I have no idea if molten salt reactors are as awesome as this website represents them to be, but I thought the following point was interesting:
"light water reactors can use only about 4% of their available energy."
They're comparing with 1960s reactors designs, so maybe more modern water reactors are more efficient. But, it's still amazing to me that there's that much more energy that we could potentially harness from the fuel.
It's because light water reactors use thermal (i.e. slowed down) neutrons, which can only fission U235, and that's 0.7% of natural uranium. We enrich the fuel to at least 2% U235 and that's mainly what the reactor can use.
The reactor also gets about a third of its energy by fissioning plutonium, which is formed when U238 absorbs a neutron.
Without reprocessing, a light water reactor can't even fission all the U235, because some of the waste products of fission reactions are strong neutron absorbers. (If you're in France you can reprocess the waste to remove the fission products.)
Molten salt reactors remove most of the fission products continuously. Some MSRs, like Terrestrial Energy's, are still thermal reactors using uranium, so they're about as efficient as France.
Some MSR designs use fast neutrons, which are able to fission more plutonium along with other transuranics and U238. Others use thorium fuel, which can be completely fissioned by thermal neutrons. (First thorium absorbs a neutron and becomes U233, then that fissions. Heavier non-fissile isotopes aren't created in the first place.)
Currently the fuel is very inexpensive - a tiny fraction of the total cost of the electricity produced. Most of the cost is the initial capital, and most of the ongoing cost is the (highly specialized) labor. A new reactor design that saves fuel is not really what the industry needs.
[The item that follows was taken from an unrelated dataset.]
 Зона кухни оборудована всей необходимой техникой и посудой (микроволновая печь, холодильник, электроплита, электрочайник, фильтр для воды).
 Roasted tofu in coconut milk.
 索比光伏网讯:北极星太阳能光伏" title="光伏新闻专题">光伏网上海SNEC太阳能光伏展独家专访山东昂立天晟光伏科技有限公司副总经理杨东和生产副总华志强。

According to Wikipedia current uranium reserves will last for 135 years. It would be 13 years if we increase energy production in nuclear plants 10 times to replace coal and gas.
So even if fuel is inexpensive now, it can become expensive quite quickly.
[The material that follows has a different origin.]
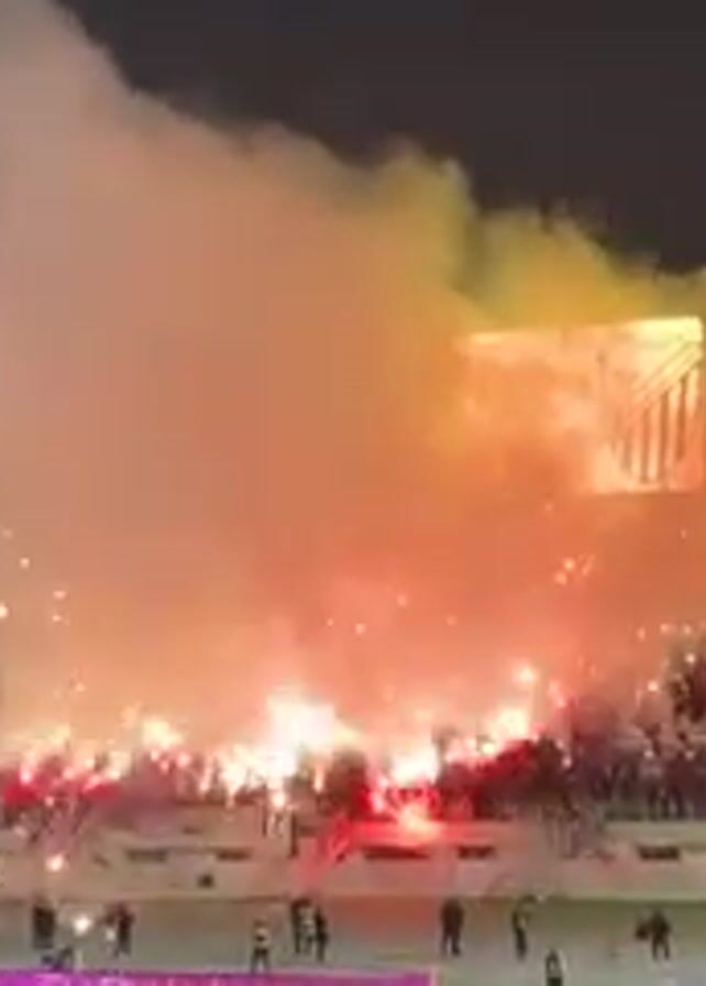 nighttime view of a stadium filled with people, many of whom are holding flares. The flares are emitting bright red and white light, along with thick white and yellow smoke that obscures parts of the stadium. There is a large screen in the background displaying an image that is partially obscured by the smoke. The stadium seating is visible, showing rows of red and green seats. There are people on the field as well, appearing as dark silhouettes against the bright light. The edges of the field are lined with sponsor advertisements. A maroon-colored sleeve or garment appears in the foreground, suggesting the video is taken from the perspective of someone in the crowd.

I believe Peak Oil was supposed to happen a dozen times now; we keep finding more when it becomes worthwhile to do additional exploration, and extraction technology keeps improving. Maybe uranium is different, but I would believe it when I see it.
As per wikipedia: "Peak oil is the theorized point in time when the maximum rate of extraction of petroleum is reached". You can still discover new sources of petroleum after "Peak Oil", but the idea is that you will never find enough to increase the maximum extraction rate.
What we see as consumers is conflated by the fact that there are self-imposed limits on extraction by OPEC designed to raise prices. Due to various political situations, those limits have been slowly removed. When you see predictions of "Peak Oil", often they are based on existing production and not maximum production (and hence are nonsense).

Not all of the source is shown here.